We decided to head down to Tortin where the visibility looked decent, and I know a few spots that tend to hold snow.  After a lot of traversing we found some nice snow in that bowl, and started to enjoy ourselves.

not great visibility, but we'll still have fun (riders: R. Kappe and J. Auerbach; photo credit: J. Chung)

here we go (rider: J. Auerbach; photo credit: J. Chung)

Next run we took the gondola up and traversed out into the Col des Mouches. Here we found some nice fresh lines that we could open up on a bit and have some fun.

definitely having fun now (rider: J. Auerbach; photo credit: J. Chung)

After being met with bad weather and mediocre conditions while heading towards Thyon we went back for seconds in the Col des Mouches.  Not quite as fresh as before, but still good turns to be had.tasty! (skier: S. Waud; photo credit: J. Chung)

Back up at the top of Col des Gentianes, Mont Fort was still socked in and the visibility was getting worse lower down as we took a big traverse.  We decided to use a break in the clouds to get a short stretch of fresh turns before catching the surface lift back up and trying to make our way down the other side in what had become near 0 visibility.  Following the dayglo piste markers9,  we got low enough that we started to be able to see again.  One more lift ride up and then we rode all the way down to Verbier where there was some pretty sloppy snow towards the bottom.   We headed over to the Pub Mont Fort just before happy hour and settled in for some food and drinks.

pub Mt Fort, cheers! (photo credit: R. Kappe)

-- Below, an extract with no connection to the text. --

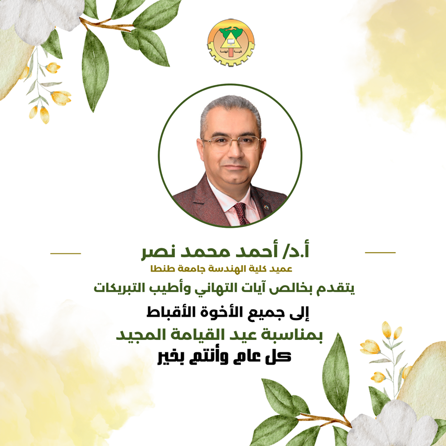 يتقدم الأستاذ الدكتور أحمد محمد نصر عميد هندسة طنطا بخالص التهنئة للأخوة الأقباط من أعضاء هيئة التدريس والهيئة المعاونة والعاملين بالجامعة و

All in all, not the best day ever, but it definitely didn’t suck.

Friday April 3

Friday was looking like more questionable weather, possibly with periods of sunshine and a bit of snow overnight.  Steve and Jason having come with only their touring skis were really keen on doing some skinning rather than banging out laps all day.  I came up with the suggestion of going to Champex where we could ride some north facing trees if the snow had come that low and/or go for a tour up the Val d’Arpette.   We bought a single ride up, which seemed like a good idea from the base and was confirmed when the piste-accessed terrain10 seemed to be dust on crust.

quick break in the clouds (J. Chung, S. Waud, J. Auerbach; photo credit: R. Kappe)

Ride the piste deep into the valley.  Skins on

skins on (photo credit: S. Waud)

and here we go.

Roger (photo credit: J. Auerbach) Jason (photo credit: J. Auerbach) Stephen (photo credit: J. Auerbach)

So up the Val d’Arpette we went sticking to a very mellow line that would be safe in most conditions.   Turns out we got some sunshine as we were skinning and boy was it getting warm.

headed up valley (photo credit: J. Auerbach)

 Saw another party heading up one of the Couloirs looker’s left, but that seemed like maybe not the best idea on that day.

couloir on left, our objective straight ahead (photo credit: J. Chung)

I was going a bit too fast for those low landers 😉

only the best for these slow pokes ;-) (photo credit: J. Auerbach)

but we eventually made it to the Col des Écandies, being careful and spreading out on the few steeper pitches towards the top.  Rest up a bit, have something to eat and drink, snap some photos

J. Chung takes a break in the Col des Écandies (photo credit: J. Auerbach)first human powered ascent of the trip... success! (photo credit: R. Kappe)

and then time to go.

Boy was the snow nice up high.  We got to make some really big, fun turns as we slowly worked our way skiers right and down the valley enjoying the nice coat of fresh snow.  Lower down things got a bit stickier and challenging, but we made it all the way deep into the valley and with a bit of skating eventually rejoined the piste and descended back to the car.   All in all a successful day that exceeded expectations.  Some of us may have gotten a bit much sun, but everyone had fun.